:: Source data
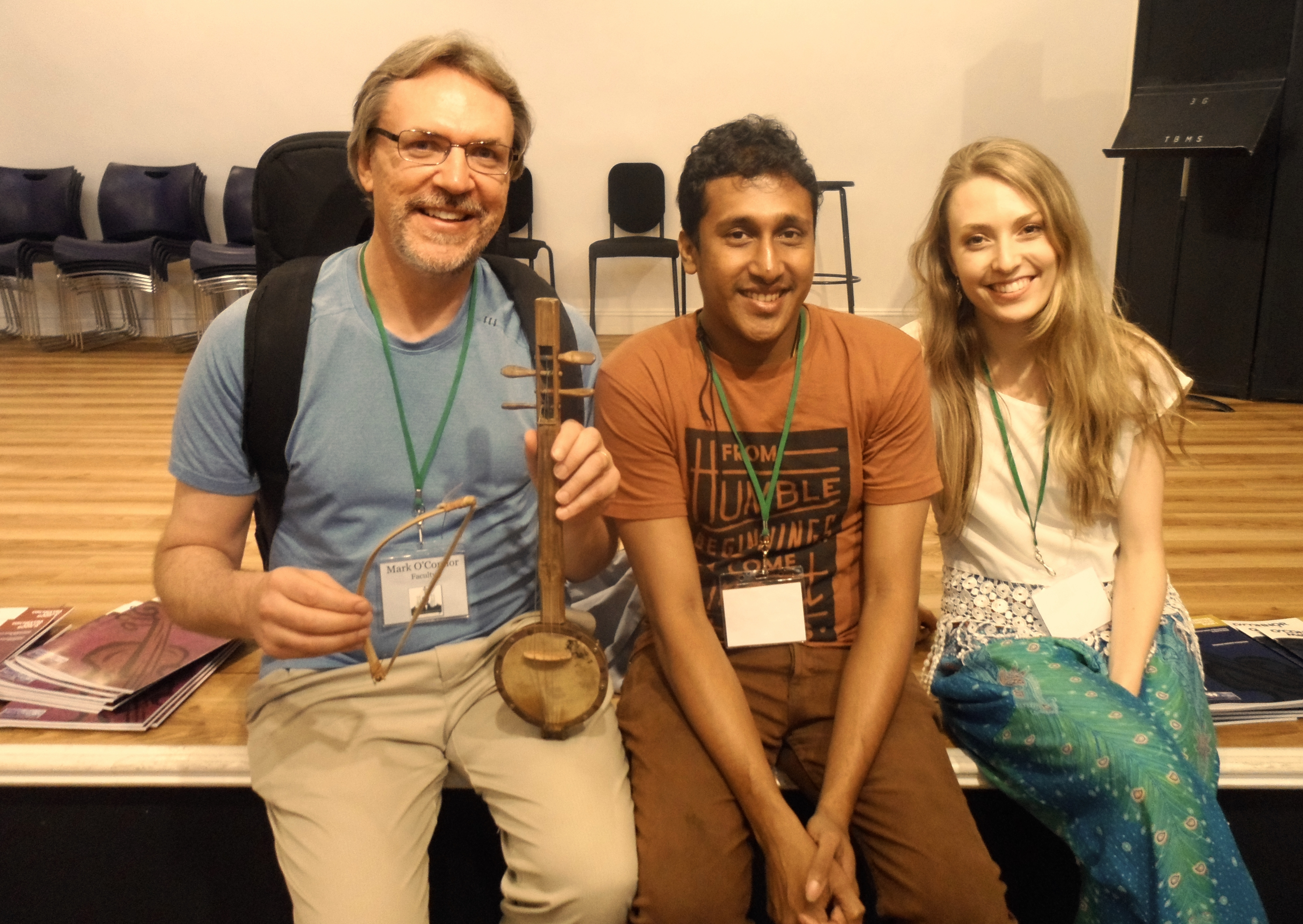 Mark O'connor & Dinesh Subasinghe during his Ravanahatha Performance in Newyork 2016
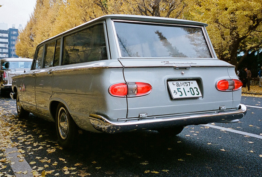 A mid-1960s Prince Gloria Estate at the Meiji Jingu Classic Car Festival, 2014.
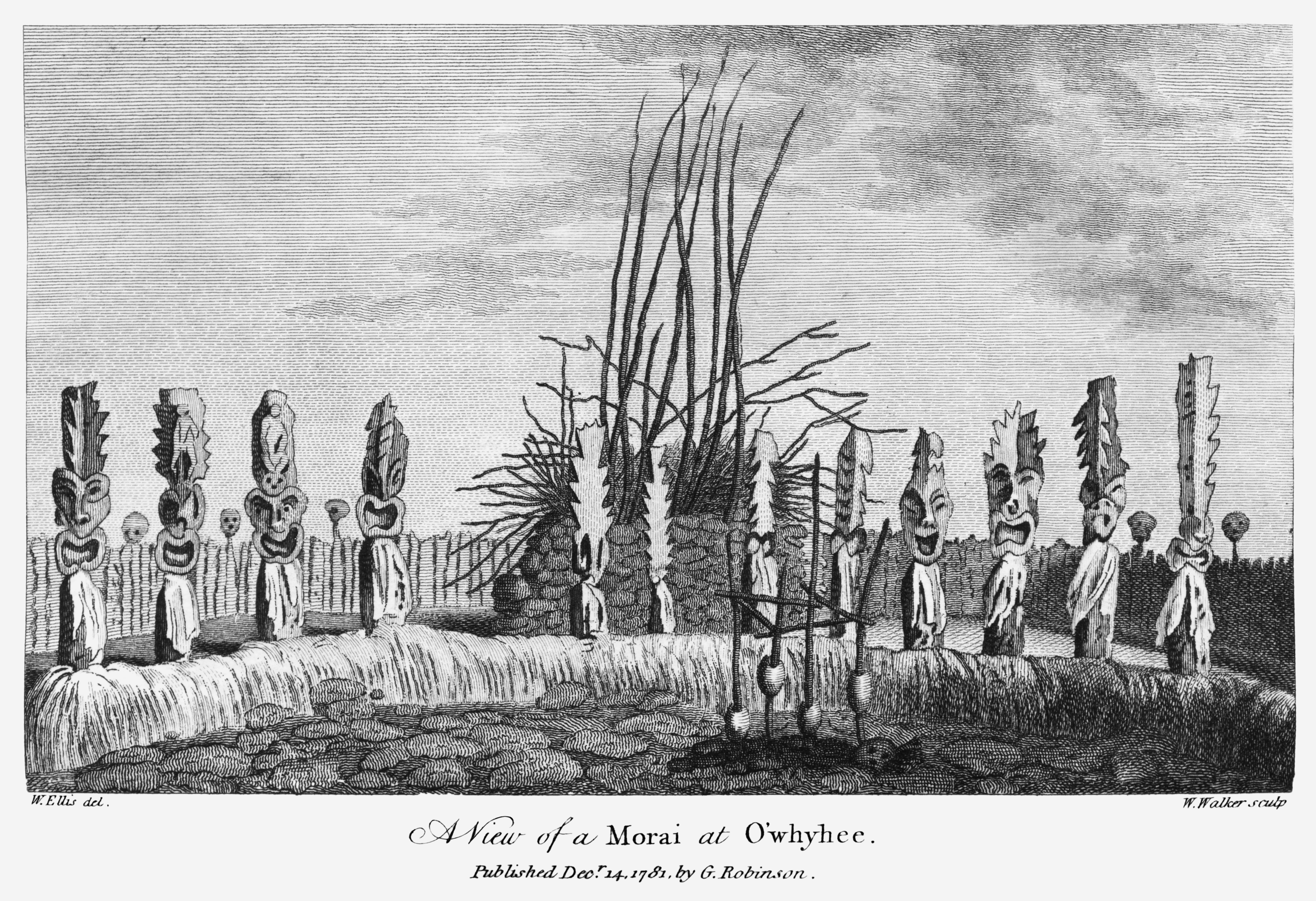 An illustration by William Ellis of the Morai (heiau) at Kealakekua Bay on Hawai'i. Engraved by W. Walker after Ellis [Ellis. 1782. II fp. 180].
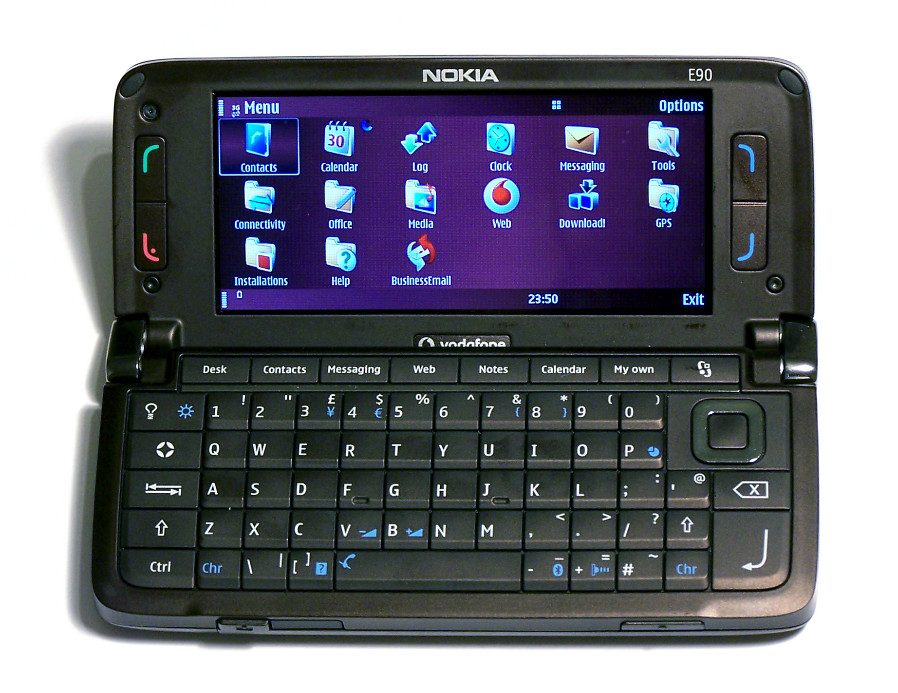 A Vodafone-branded Nokia E90 (open).
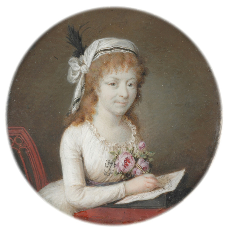 The miniature painter Marie Therese Noireterre (1760–1823)
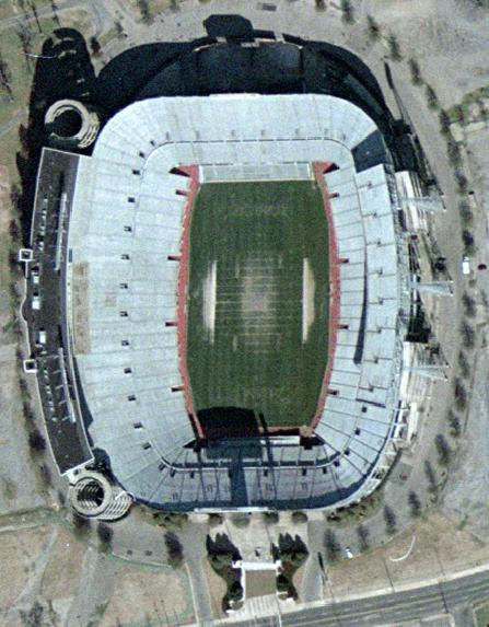 Legion Field in Birmingham, Alabama satellite image taken January 2004
::::
Return the material word for word, images omitted.

 Mark O'connor & Dinesh Subasinghe during his Ravanahatha Performance in Newyork 2016
 A mid-1960s Prince Gloria Estate at the Meiji Jingu Classic Car Festival, 2014.
 An illustration by William Ellis of the Morai (heiau) at Kealakekua Bay on Hawai'i. Engraved by W. Walker after Ellis [Ellis. 1782. II fp. 180].
 A Vodafone-branded Nokia E90 (open).
 The miniature painter Marie Therese Noireterre (1760–1823)
 Legion Field in Birmingham, Alabama satellite image taken January 2004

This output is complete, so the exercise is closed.